Template template< class T > struct allocator placed at library header files. It is always exists and does not need to rebuild your development environment library, becouse as far as you know that template is not possible to compile into static library (exclude specialisation). Templates compiled always with your sources. But may be problem with precompiled headers. For project it is possible to regenerate or not use it, but for library it is need to check. Possible this is bottleneck of method, but it is simple to verify exists problem or not.

There is one empirical method that is not guarantee accuracy. When Your application is shutdown, the containers deallocated after its elements deallocated. So you can write statistics per container of parent type how much internal elements was at which type of container.

For example let we have:

vector<A>({1,2,3}) and map<string,B>({1,2}) and map<string,B>({1,2})
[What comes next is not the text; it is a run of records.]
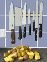"Onze keuken" is een digitaal kunstwerk dat de intimiteit en precisie van het dagelijks koken op poëtische wijze vastlegt. De compositie toont een detailrijke uitsnede van een keukenscène, waarbij de achtergrond wordt gevormd door koelblauwe muurtegels die een gevoel van rust en orde oproepen. Tegen deze wand hangt een metalen magneetstrip waarop zeven messen met zorg en symmetrie zijn gerangschikt. De verscheidenheid aan lemmeten suggereert een liefde voor koken, waarbij het robuuste mes met het opschrift "Sabatier" als pronkstuk fungeert. Deze naam verwijst naar het gerenommeerde Franse messenmerk en verraadt de toewijding van de gebruiker aan zijn culinaire ambacht.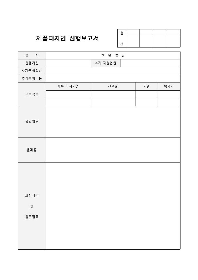9,000원/월제품디자인 진행보고서 입니다. 일시, 진행기간, 추가 지원기간, 추가투입장비, 추가 투입비용으로 구성되었습니다. 프로젝트의 진행사항을 파악하고 그에 따른 문제점 확인에 용이합니다.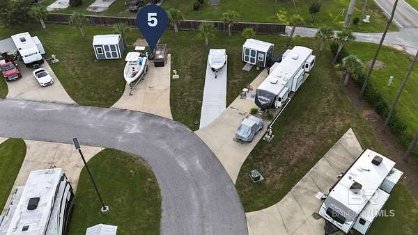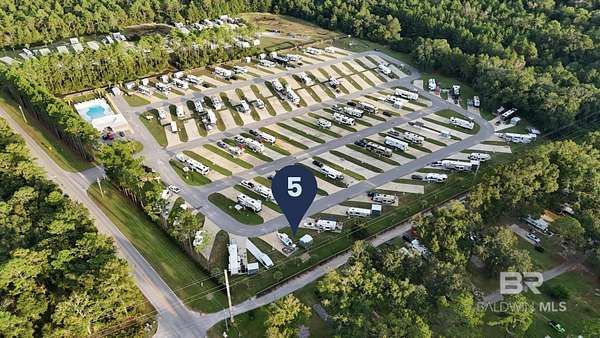 Lot #5 offers a prime location near the front of Whispering Pines RV Resort West with excellent maneuverability and generous space for your RV, boat, or extra vehicles. This easily accessible lot includes a 10 x 12 storage shed that conveys with the property--perfect for storing beach gear, tools, or outdoor equipment.Whispering Pines is an upscale RV resort completed in 2021 featuring 93 large concrete pads, each with separately metered utilities for electricity, water, and sewer. Resort amenities include a resort-style saltwater pool, fenced playground, clubhouse with full kitchen, clean showers and bathrooms, laundry facilities, and high-speed fiber internet with park-wide Wi-Fi and streaming cable.Located just minutes from Gulf Shores Public Beach, OWA Amusement Park, Tanger Outlets, and The Wharf entertainment district, this resort offers comfort and convenience with easy access via Baldwin Beach Express ? Foley Beach Express ? County Road 8. HOA dues of $175 per month include water, sewer, trash, cable/internet, landscaping, pest control, and pool/common-area maintenance. Short-term rentals are permitted. Buyer to verify all information during due diligence.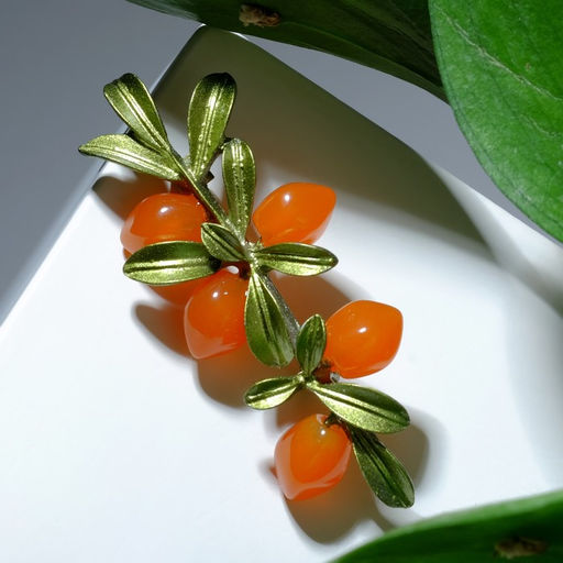 • Брошь «Облепиха», оранжево-зелёная в серебре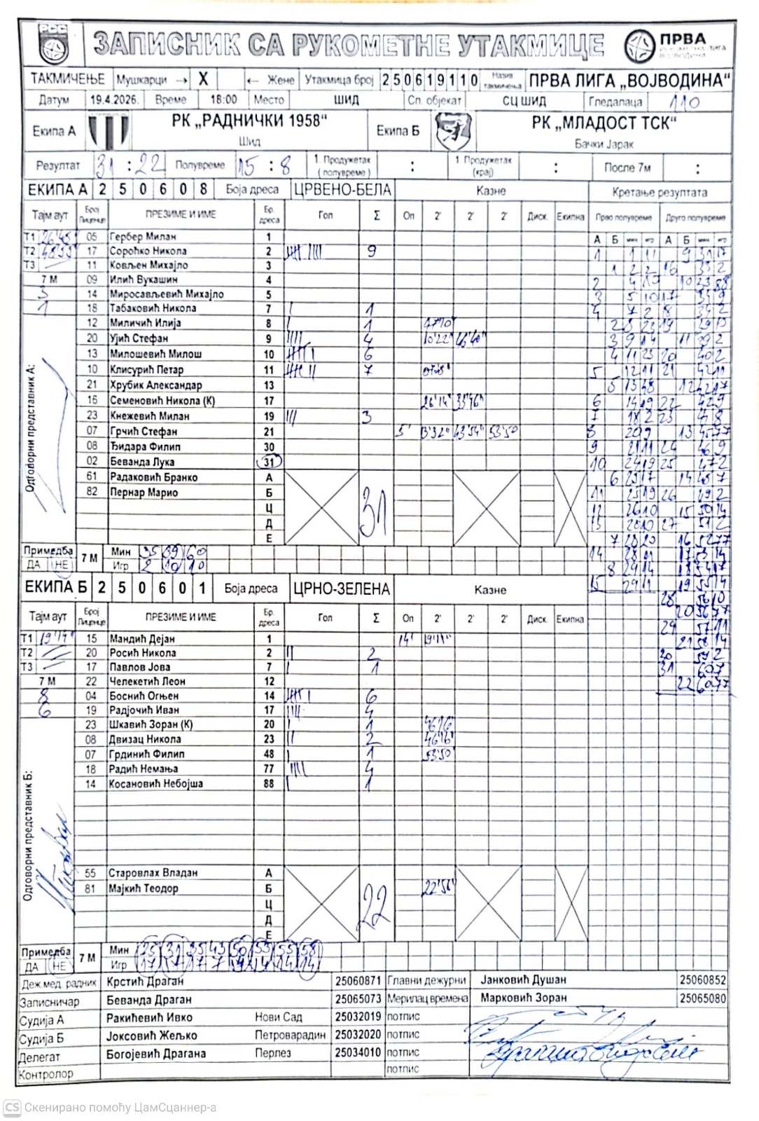А судија: Ивко Ракићевић Б судија: Жељко Јоксовић Делегат: Драгана Богојевић |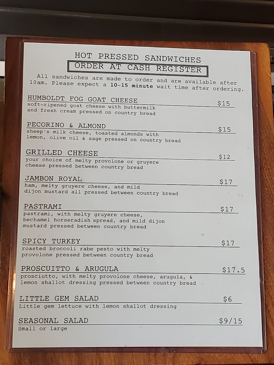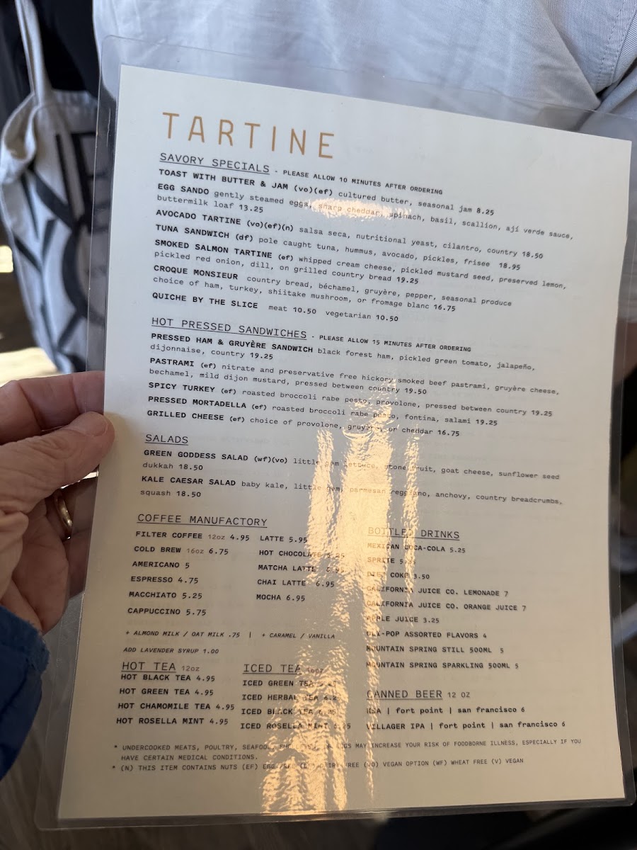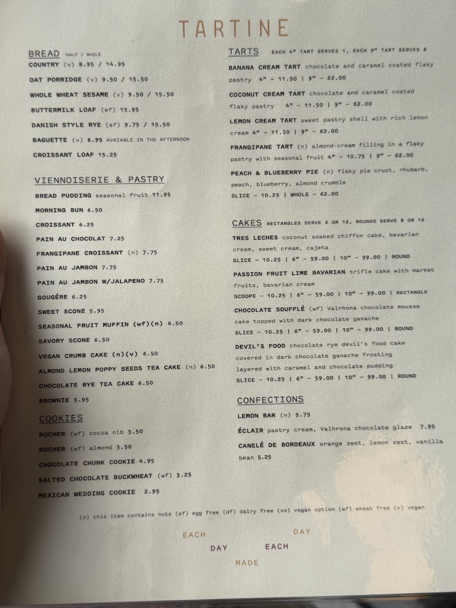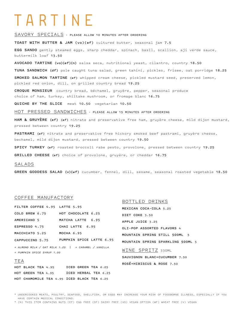 Tartine Bakery Menu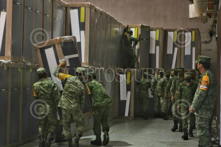 El ejército coloca los domésticos para prepararlos y entregarlos este lunes.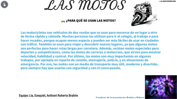 Por último, las motos son muy importantes en algunos trabajos, por ejemplo en reparto de comida, mensajería, policía, y en situaciones de emergencia. Por eso, las motos son un medio de transporte muy útil, moderno y divertido, pero siempre hay que usarlas con seguridad y con el casco puesto.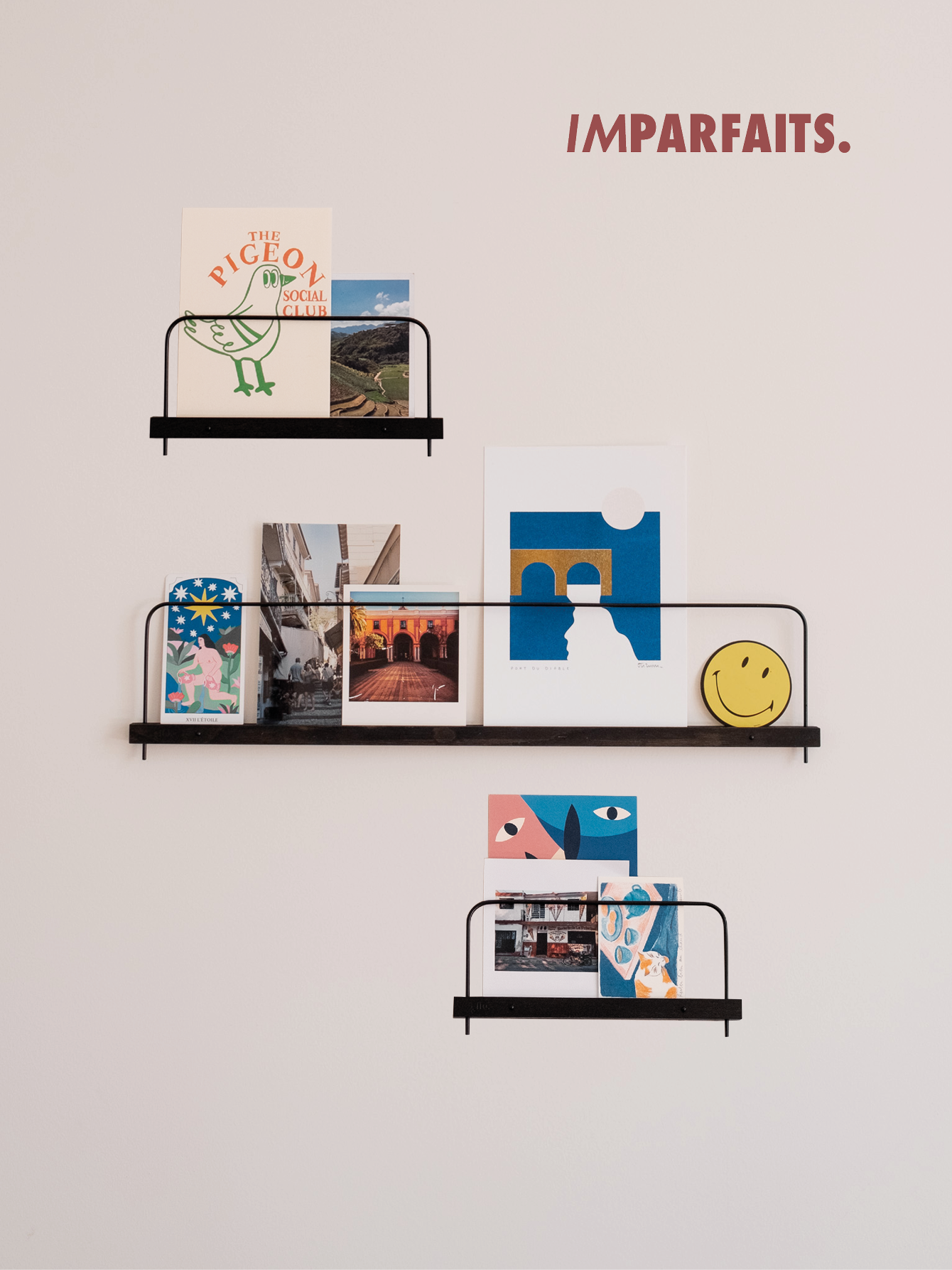 On s’est longtemps retrouvé avec des boîtes et des tiroirs remplis de Polaroïds, et de cartes postales, nous est alors venue l’idée d’une étagère permettant simplement d’exposer ces photos au mur et de pouvoir les changer régulièrement.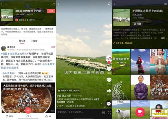 “山貨上頭條”是基于今日頭條等產(chǎn)品發(fā)起的扶貧項(xiàng)目,為了讓內(nèi)蒙古特色更好地走出去,項(xiàng)目組為當(dāng)?shù)卮_定了“錫林郭勒羊,來自大草原的珍珠”的品牌傳播定位,邀請專業(yè)內(nèi)容制作團(tuán)隊(duì)、平臺優(yōu)質(zhì)內(nèi)容創(chuàng)作者以圖文、短視頻等方式,展示羊肉產(chǎn)品特點(diǎn)、草原生態(tài)環(huán)境等,并帶動(dòng)平臺用戶共同傳播推廣,從而提升錫林郭勒羊肉產(chǎn)品品牌認(rèn)知度。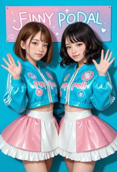 2girls, so cute japanese idols, /(from: J-pop idol groupe or K-pop idol groupe,/) mini,long bob hair, wavy hairdance, idol puffy costume, gravure pose, limbs out frame,cowboy shot, from abovesilver, bluefunnyart style, flat matt two tone colored background, emotional face, emotional sign,CD jacket, sbsurdres, masterpiece, NiJi, drop shadow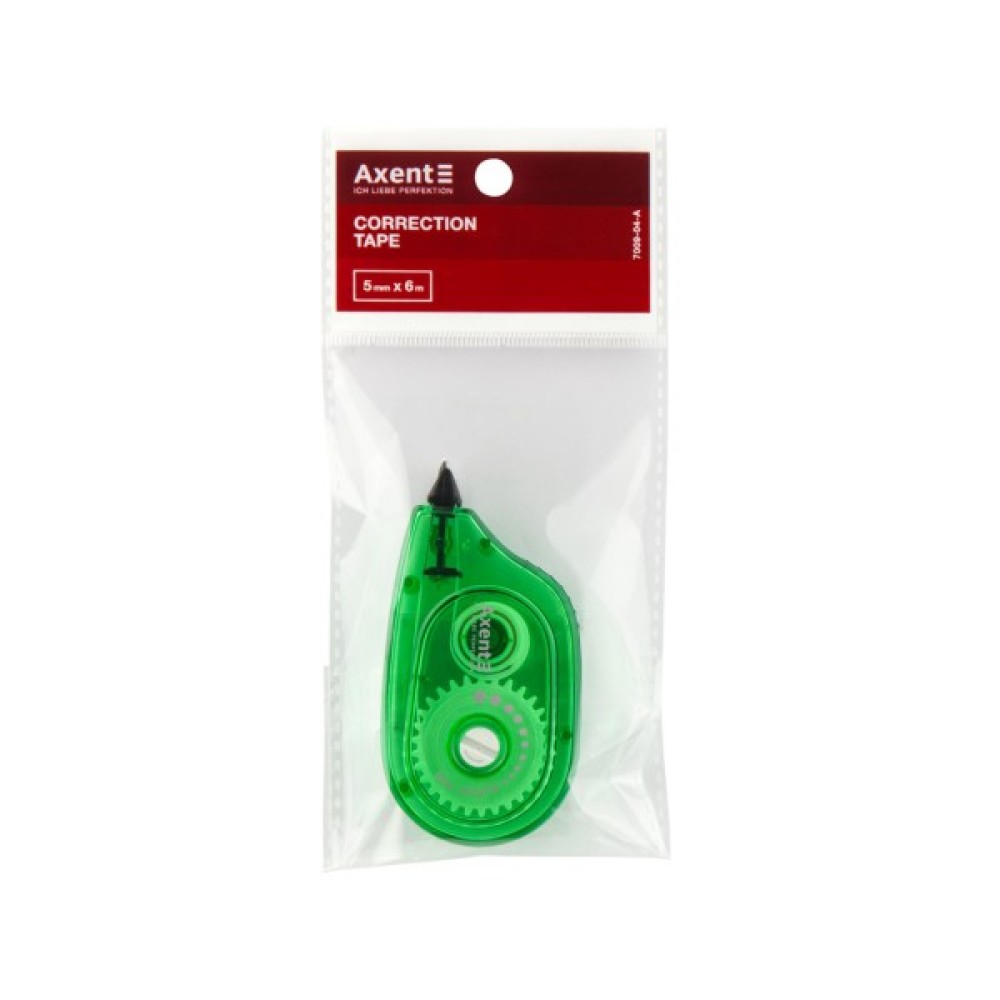 Стрічка коригуюча Axent. Дозволяє акуратно й точно коригувати текст. Можна одразу ж вносити виправлення поверх відкоригованого текста. Непомітна при копіюванні та передачі факса.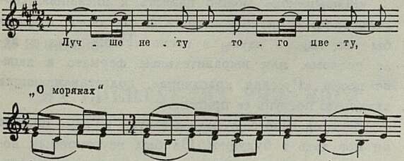 Захаров создает свои «тянущиеся» мелодии преимущественно без резких скачков, с волнистым распевом, начинающимся или с яркого акцента первой доли такта, или с выразительного затакта к этой доле (вот два примера: «Зелеными просторами», «Шел со службы пограничник»).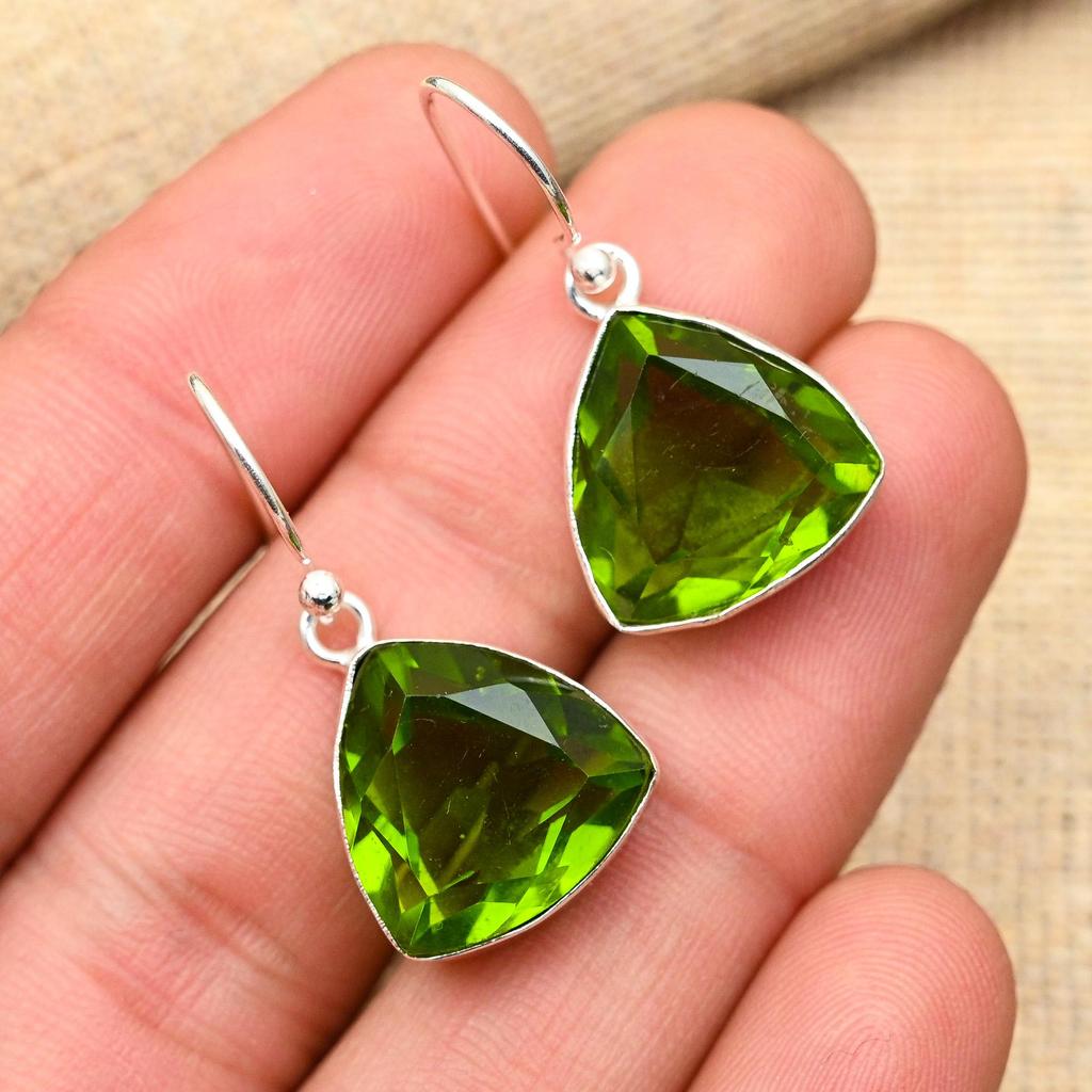 Peridot-Edelstein, handgefertigt, 925er-Sterlingsilber, Schmuckohrringe für Frauen

This will generate deallocation event list like this:

B, B, map<string,B>,
A, A, map<string,A>,
A, A, A, vector<A>,

So you can know that 3 elements A at vector<A>, 2 elements A at map<string,A>, and 2 elements A at map<string,A>

oklas
  • 7,935
  • 2
  • 26
  • 42
  • Changing std headers isn't kosher. – BitWhistler Feb 17 '16 at 08:10
  • 1
    Kosher. When It help solve enough difficult problem. And it is only in development environment. It is kosher in production too when it help solve problem and rollback will be done as soon as possible. If changing std is not kosher than develop std lib and IDE and OS is not kosher too. – oklas Feb 17 '16 at 08:29
2

If you can do minor edits, can you add every container to a big list of them?
Like this:

std::set<......> my_set;  // existing code
all_containers.add( &my_set ); // minor edit IMHO

Then you can call all_containers.analyse() that'd call size() on each of them and print the results.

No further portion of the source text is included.